Изготовившиеся к бою батальоны, усиленные латышами и эстонцами, по — ротно ринулись вперёд. Невзирая на открывших стрельбу немцев, они не останавливались не на минуту, упорно двигаясь к своей цели. Выведенная на передний план полевая артиллерия, в районе обрушенной стены, открыла ожесточённую пальбу, буквально выкашивала всё живое. Через час, втянувшийся в город авангард, сумел изнутри открыть центральные ворота, и ручеёк атакующих быстро превратился в полноводную реку, затопляя кровью все очаги сопротивления. А враг в панике стал занимать последнюю линию обороны — замок.

Колонны пехотинцев, одна за другой ныряли в дымящиеся проломы, напрочь скрываясь из вида. На городских улицах образовалась свалка — немцы со своими латышскими прихлебателями с оружием в руках бросались им навстречу. Даже до моих ушей стал доноситься неимоверные крики ярости и боли. Въехав в город через пролом, я мог наблюдать как по узким улочкам, извивающиеся словно змеи, русские колонны кололи, рубили и гнали неприятеля по направлению к городской площади. По ушам бил рёв сотен голосов и лязг металла. Но главное, мы побеждали, колышущаяся немецкая масса, сумевшая нам навязать близкий бой, не в силах была устоять под этим напором, она катилась к замку в центре города, оставляя за собой кровавое месиво из корчащихся раненных и замерших навсегда трупов.

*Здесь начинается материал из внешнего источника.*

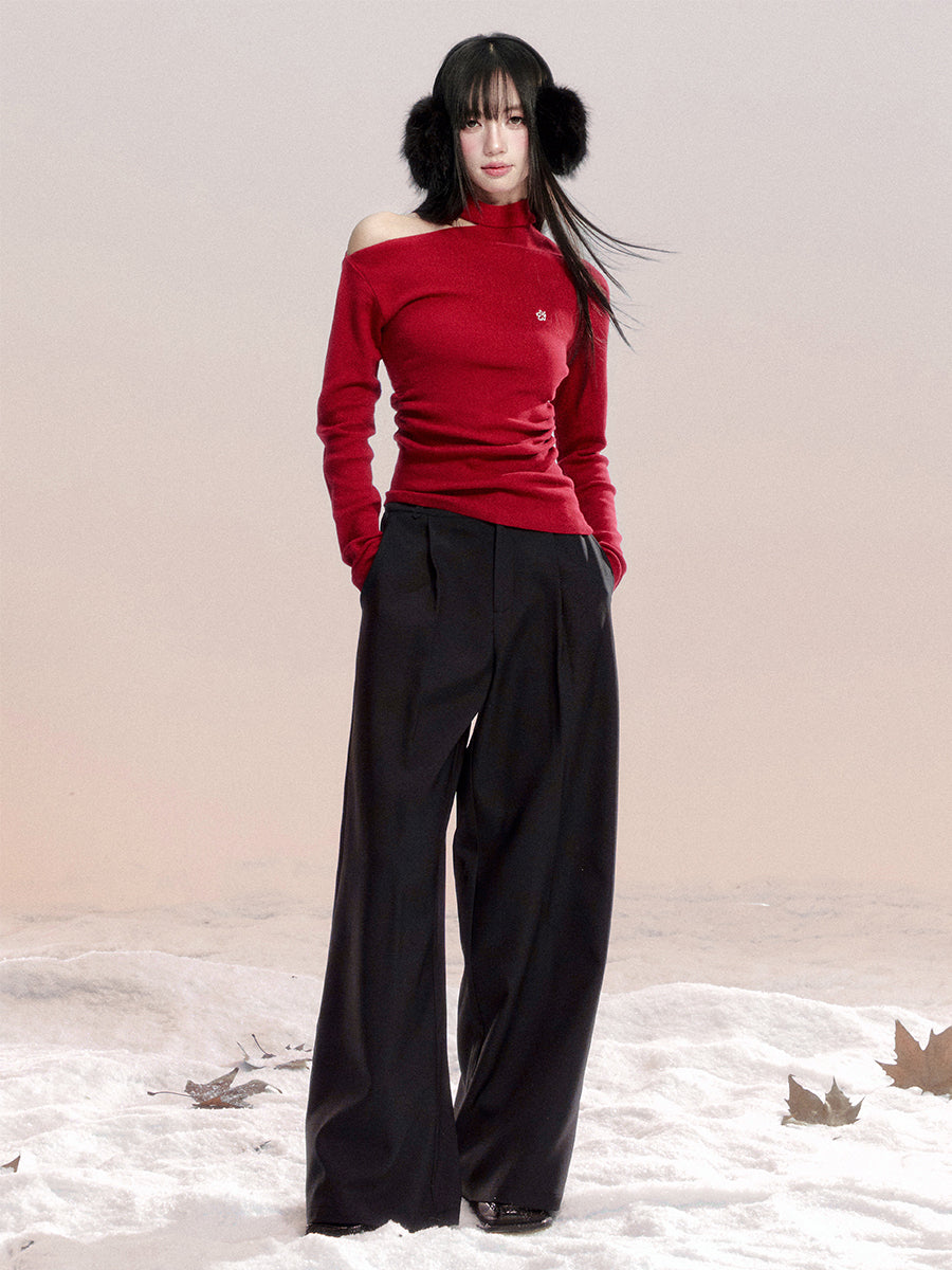 Lace-Detail Flowy Wide-Leg Pants

— И без пушек немца тесним! — с гордостью в голосе произнёс Олекс.

Я подозвал к себе, распаренного как рака, начальника артиллерии.

— Не успели через завалы переправиться, — смущаясь ответил Веринеев, — немцы с нашими сразу вплотную сошлись. А как началась рукопашная рубка, то своих уже не отзовёшь, иначе только хуже сделаем!

— Плохо, полковник.

— Но мои пушкари сзади наступающих колонн двигаются, если что, немца сразу угостим.

— Ладно, — я махнул рукой, — потом, устроим разбор полётов!

Свой штаб я разместил у башенных ворот в каменных палатах рыцаря, погибшего под Псковом. Сейчас в доме проживала его семья и слуги. Последние, впрочем, быстро сообразив, куда «ветер дует», обезоружили и пленили собственных хозяев, переметнувшихся на сторону победителей.

Укутавшись поверх доспеха шубой, я в окружении телохранителей, только и успевал, что принимать вестовых, отсылаемых их командирами с победными реляциями. Вестовые бодро рапортовали о ходе сражения на конкретных улицах, а потом резво уносились назад, поднимая копытами коней снежную взвесь.

Вскоре ко мне привели русскоязычного слугу рижского епископа, имевшего при себе грамотку от Николауса. Епископ соглашался сдать город и замок, при условии, если я свободно, как только установится мореходная погода, выпущу всех тех, кто к этому моменту успел укрыться в замке, прежде всего, речь шла, понятное дело, о рыцарях и купцах.

Подумав над посланием, посоветовавшись с воеводами, я согласился. Но вдобавок я планировал возложить на рижского епископа ещё и дипломатическую миссию. Поэтому, пару часов спустя, как только над городом был установлен полный контроль, остановлены вспыхнувшие было стихийно насилие и грабежи, я отправился навстречу с переговорщиками.

Цепной мост опустился, ворота со скрипом открылись, из замка выехала делегация горожан, состоящая из представителя епископа и пары немецких купцов. Они начали было передо мной расшаркиваться, но я этот спектакль быстро и в жёсткой форме оборвал.

— Условий только два. Первое. Если добровольно будет сдан замок, то вы все сохраните свою жизнь и свободу, будете — сопротивляться — погибнете, либо превратитесь до конца своих дней в рабов. Второе. Когда откроется Балтика, вы все покидаете город с тем скарбом, что можете унести на себе. На обдумывание вам один час. Опоздаете или не дадите положительный ответ — пощады не ждите!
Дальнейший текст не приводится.